By 1968 Frank Furci had gained three years of valuable experience in the shadow world of Hong Kong and Indochina; he was friendly with powerful Corsican syndicate leaders in Saigon and had the opportunity to form similar relationships with chiu chau bosses in Hong Kong.130 Thus, perhaps it is not too surprising that the boss himself, Santo Trafficante, Jr., did Furci the honor of visiting him in Hong Kong in 1968. Accompanied by Frank's father, Dominick Furci, Trafficante was questioned by Hong Kong authorities regarding the purpose of his visit, and according to a U.S. Senate investigation, he explained that "They were traveling around the world together at the time. They stopped to visit Furci, Frank Furci in Hong Kong and to visit his restaurant ....131

 

After a leisurely stopover, Trafficante proceeded to Saigon,132 where, according to U.S. Embassy sources, he met with some prominent Corsican gangsters.133 Trafficante was not the first of Lansky's chief lieutenants to visit Hong Kong. In April 1965 John Pullman, Lansky's courier and financial expert, paid an extended visit to Hong Kong, where he reportedly investigated the narcotics and gambling rackets.134

 

Although the few Mafia watchers who are aware of Trafficante's journey to Asia have always been mystified by it, there is good reason to believe that it was a response to the crisis in the Mediterranean drug traffic and an attempt to secure new sources of heroin for Mafia distributors inside the United States. With almost 70 Percent of the world's illicit opium supply in the Golden Triangle, skilled heroin chemists in Hong Kong, and entrenched Corsican syndicates in Indochina, Southeast Asia was a logical choice.

 

Soon after Trafficante's visit to Hong Kong, a Filipino courier ring started delivering Hong Kong heroin to Mafia distributors in the United States. In 1970 U.S. narcotics agents arrested many of these couriers. Subsequent interrogation revealed that the ring had successfully smuggled one thousand kilos of pure heroin into the United States—the equivalent of 10 to 20 percent of America's annual consumption.

 

Current U.S. Bureau of Narcotics intelligence reports indicate that another courier ring is bringing Hong Kong heroin into the United States through the Caribbean, Trafficante's territory. From Hong Kong heroin is usually flown to Chile on regular flights and then smuggled across the border into Paraguay in light, private aircraft.135 In the late 1960s Paraguay became the major transit point for heroin entering the United States from Latin America; both Hong Kong and Southeast Asian heroin smuggled across the Pacific into Chile and European heroin smuggled across the Atlantic into Argentina are shipped to Paraguay before being forwarded to the United States. Argentina and Paraguay are popular refuges for Marseille gangsters wanted in France for serious crimes. The most prominent of these is Auguste Joseph Ricord, a Marseille-born gangster who worked with the Gestapo during World War 11. Using a variety of means ranging from private aircraft to stuffed artifacts, Ricord is believed to have smuggled some 2.5 billion dollars' worth of heroin into the United States from Argentina and Paraguay in the last five years.136 Although law enforcement officials have always assumed that Ricord and his associates were being supplied from Marseille, current reports of shipments from Hong Kong and Southeast

 

Asia to Paraguay have raised the possibility that their sources may have shifted to Asia in recent years.137

 

 

(Alfred W. McCoy, et al, Politics of Heroin in Southeast Asia. Reference The Mafia Comes to Asia, pp. 210 - 217)
 

 

Dallas Drug Smuggler Hallucinated About JFK in Open Court

As the Nixon administration began to crack down on drug smugglers from Latin America, a strange event occurred in Dallas, Texas.

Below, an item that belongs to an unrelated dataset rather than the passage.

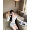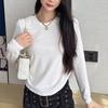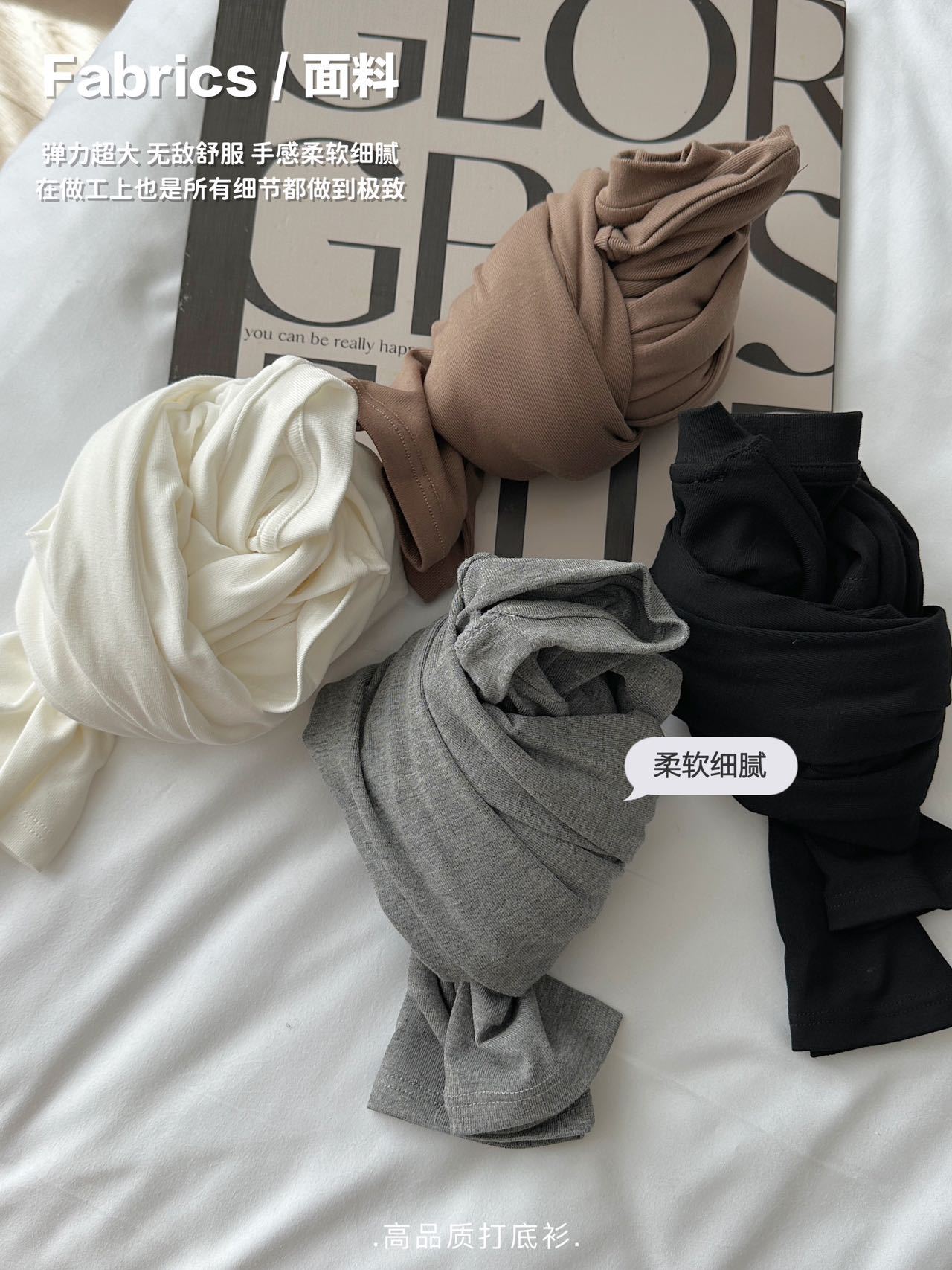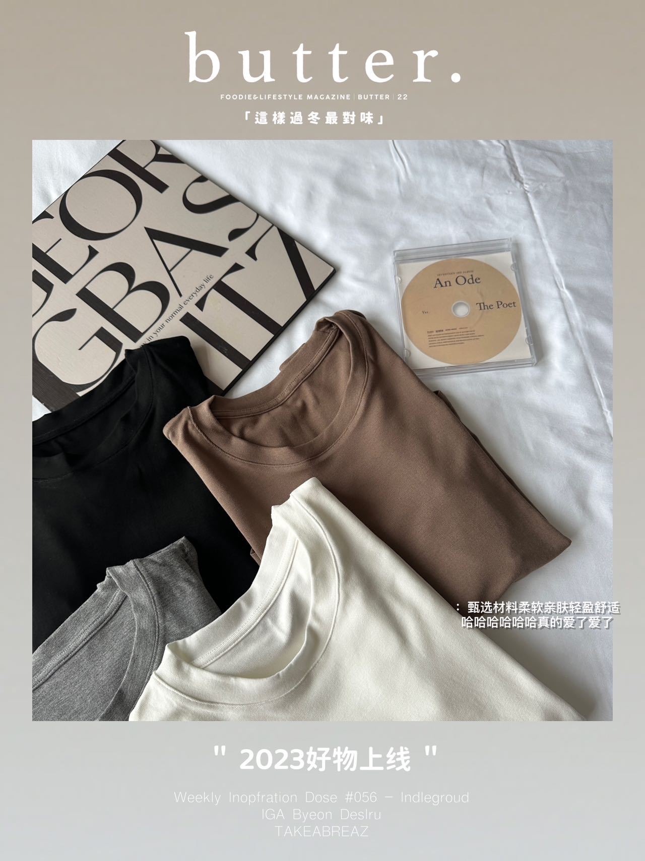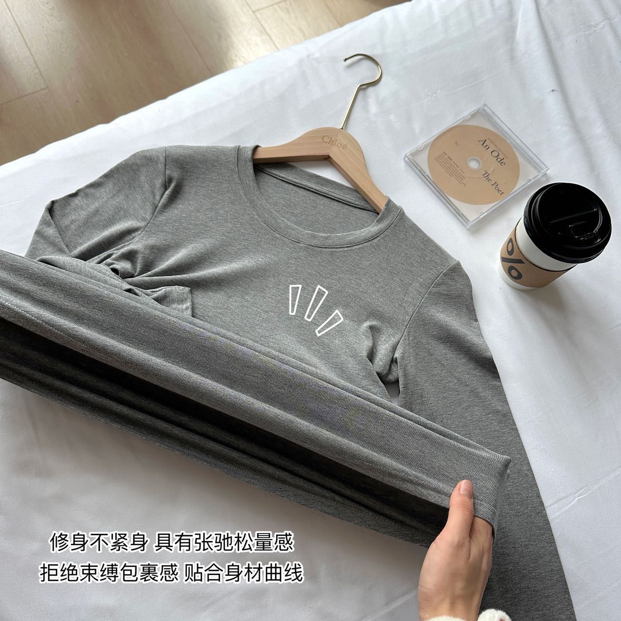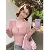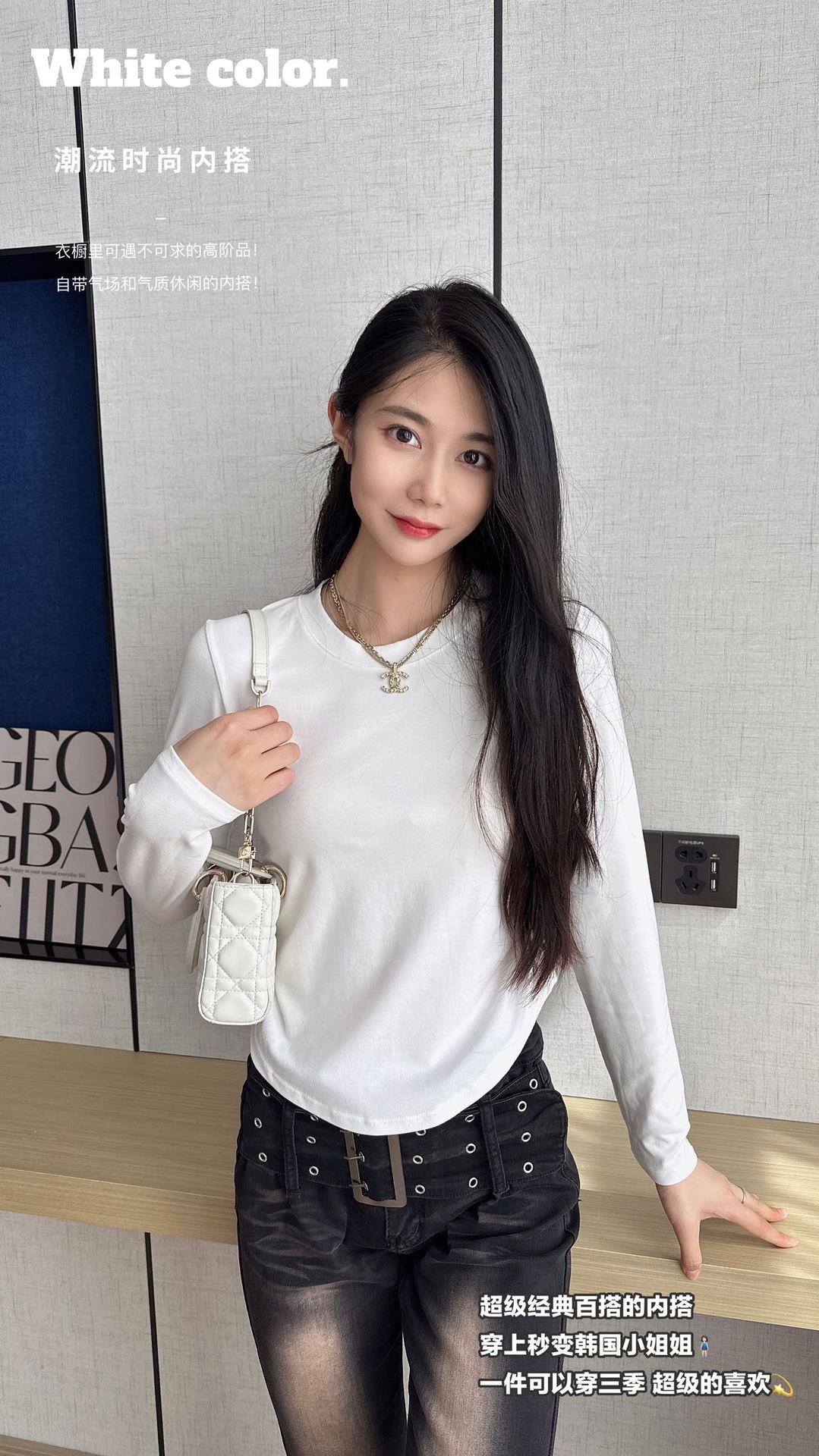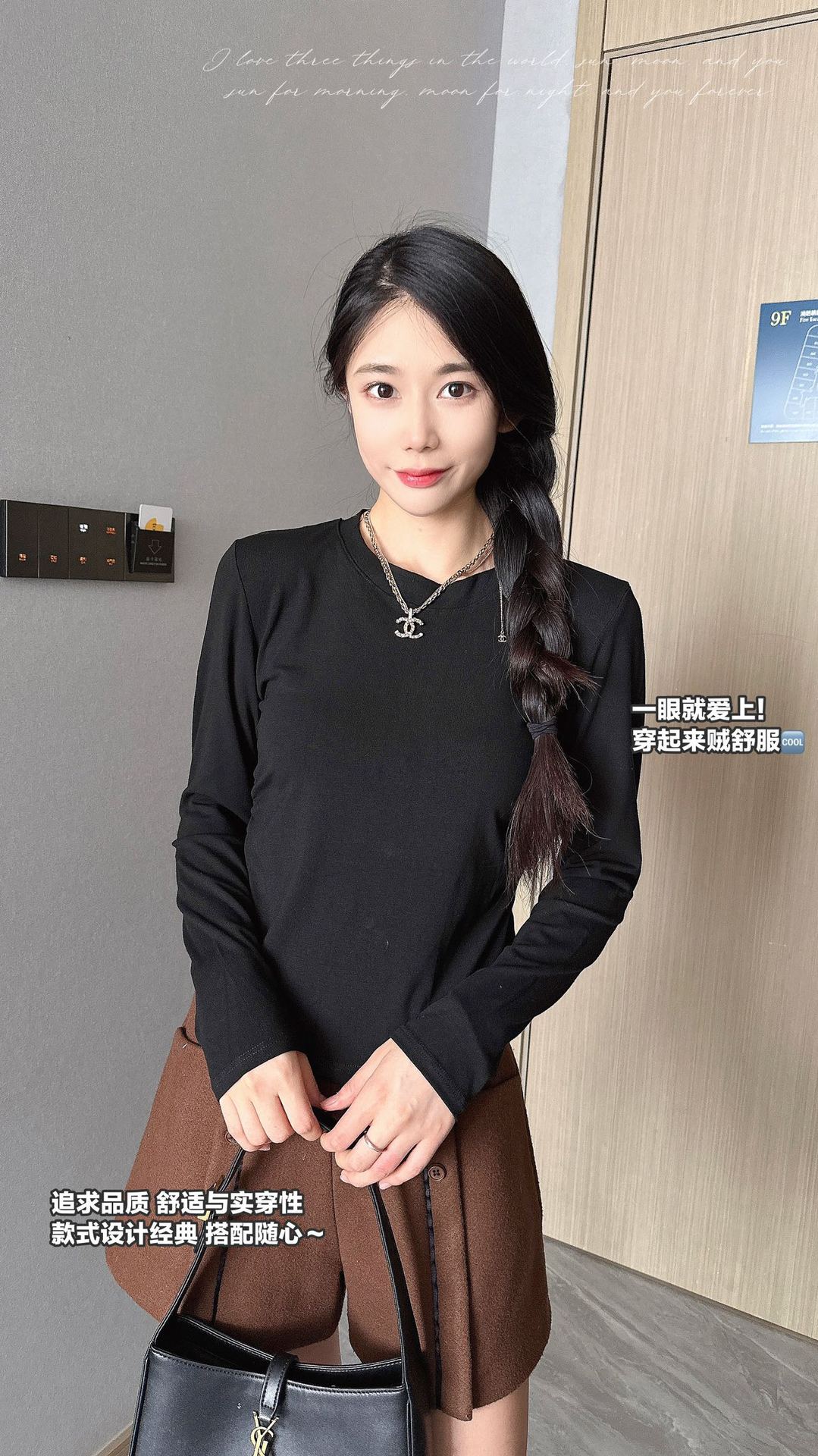 Cuello Redondo Cintura Elástica Color Sólido Hombro Regular Top Corto Ajustado para Mujer Camiseta Base Otoño Nuevo Estilo

In mid-April 1971 a Panamanian government official, Joaquim Him-Gonzales, was apprehended by American narcotics agents and tried in the Federal Court in Dallas, Texas for conspiracy to smuggle heroin into the United States. Also tried in the same case were J. D. Vicars, of Hurst, Texas, and a former World War II Air Corps pilot named Robert Louis Robertson, III, of Dallas, Texas.138 Gonzales and Robertson were part of Auguste Ricord’s heroin smuggling network.

Robertson had a mysterious background. He had been president of the Robertson Aircraft Company of Dallas and had been an executive of the major international airline for eleven years. But many people in Dallas believed that Robertson may have been a CIA operative. This was never established, but in Dallas circles, it was observed that Robertson and the two or three companies he had formed in recent years flew some unusual trips into Latin America.139

As the government prosecutors built cases against Him-Gonzales, Vicars, and Robertson, the latter became hysterical. On Friday, April 23, 1971, Robertson fell apart on the witness stand and ran from his seat shouting, "I can’t tell the truth under these conditions." Federal Judge Sarah T. Hughes responded sternly, "No! You get back on the stand. You are just putting on a show for the jury. Now you collect yourself and get back up here on the stand." She later had Robertson undergo a psychiatric examination, which found him fully capable to stand trial.140

The following Monday Robertson seemed even more unbalanced, babbling over and over again, "I am Judge Sarah T. Hughes … I am John F. Kennedy. I was assassinated in Dallas, Judge Sarah T. Hughes, on November 23, 1963 … I am a sinner, I am a sinner."141

Despite Robertson’s erratic behavior, the jury found the threesome—Robertson, Him-Gonzalez, and Vicars—guilty two days later; however, Robertson was never sentenced. He died in his cell at the Dallas County jail four days after he was convicted. April 26, 1971 a deputy marshal gave sworn testimony that Robertson had told him, "I will be dead in five days." He was off by one day.142

 

 

Transcript of Colonel Prouty’s Interview From The Men Who Killed Kennedy

Colonel Fletcher Prouty made some interesting comments about the techniques employed to kill President Kennedy and how the crime was covered up afterwards. Here is the transcript of his remarks from The Men Who Killed Kennedy:

 

 

Narrator:

But the Mafia could hardly have acted alone, given the intricacy of the assassination plot and the strength of the cover-up for twenty-five years. Colonel Fletcher Prouty was Chief of Special Operations of the Joint Chiefs of Staff during Kennedy’s presidency. He believes even more powerful forces were ultimately responsible.

 

[Scene switches to Colonel Prouty:]

 

Colonel Prouty:

I think without any question, it’s what we called "the use of hired gunmen." And this isn’t new. In fact, this little manual here [Prouty holds up a manual entitled Clandestine Operations Manual for Central America] which is called the Assassination Manual for Latin America contains a line which says, talking about Latin America [reading] "If possible, professional criminals will be hired to carry out specific selective ‘jobs.’ " --- Jobs in quote which means murders. Well, if this manual for Latin America, printed within the last few years in a government manual says that, there’s no question but what the application of the same technique was dated back in Kennedy’s time. In fact I know from my own experience. You know I was in that business in those days.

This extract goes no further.